Beyond belief: a cross-genre study on perception and validation of health information online

Int J Data Sci Anal. 2022;13(4):299-314. doi: 10.1007/s41060-022-00310-7. Epub 2022 Feb 2.

Abstract

Natural language undergoes significant transformation from the domain of specialized research to general news intended for wider consumption. This transition makes the information vulnerable to misinterpretation, misrepresentation, and incorrect attribution, all of which may be difficult to identify without adequate domain knowledge and may exist even in the presence of explicit citations. Moreover, newswire articles seldom provide a precise correspondence between a specific claim and its origin, making it harder to identify which claims, if any, reflect the original findings. For instance, an article stating "Flagellin shows therapeutic potential with H3N2, known as Aussie Flu." contains two claims ("Flagellin ... H3N2," and "H3N2, known as Aussie Flu") that may be true or false independent of each other, and it is prima facie unclear which claims, if any, are supported by the cited research.
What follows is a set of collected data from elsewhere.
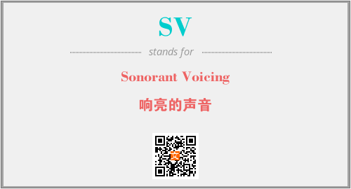 上述内容是“Sonorant Voicing”作为“SV”的缩写,解释为“响亮的声音”时的信息,以及英文缩略词SV所代表的英文单词,其对应的中文拼音、详细解释以及在英文中的流行度和相关分类、应用领域及应用示例等。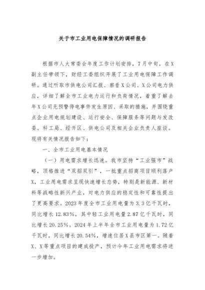 / 【七哥公文】2024年:关于市工业用电保障情况的调研报告+更多免费公文+VX:QiGeGongWen2024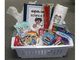 This kit contains 30 Science experiment cards, a Science journal, and some supplies to help you conduct your experiments.
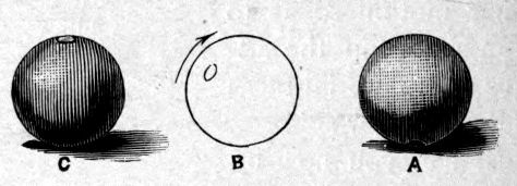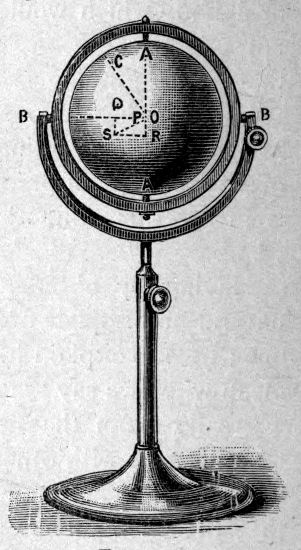 To this globe I have given two rotations simultaneously. Suppose a little being to exist on this globe which could not see the gymbals, but was able to observe other objects in the room. It would say that the direction of rotation is neither about O A nor about O B, but that the real axis of its earth is some line intermediate, O C in fact.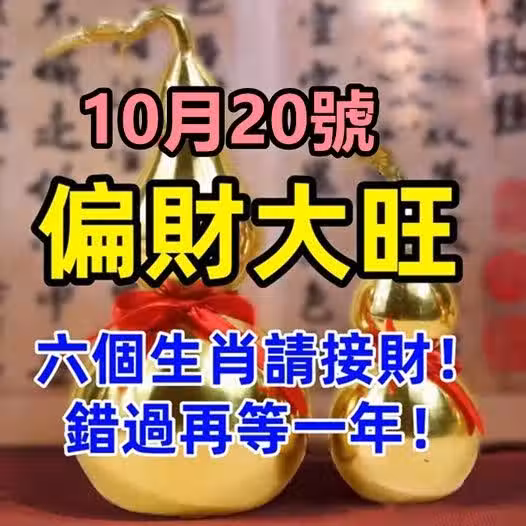 10月20號偏財大旺,六個生肖請接財!錯過了再等一年!

We build a dataset of sentences from medical news along with the sources from peer-reviewed medical research journals they cite. We use these data to study what a general reader perceives to be true, and how to verify the scientific source of claims. Unlike existing datasets, this captures the metamorphosis of information across two genres with disparate readership and vastly different vocabularies and presents the first empirical study of health-related fact-checking across them.

Keywords: Check-worthiness; Claim extraction; Cross-genre information retrieval; Fact-checking; Misinformation; Natural language processing.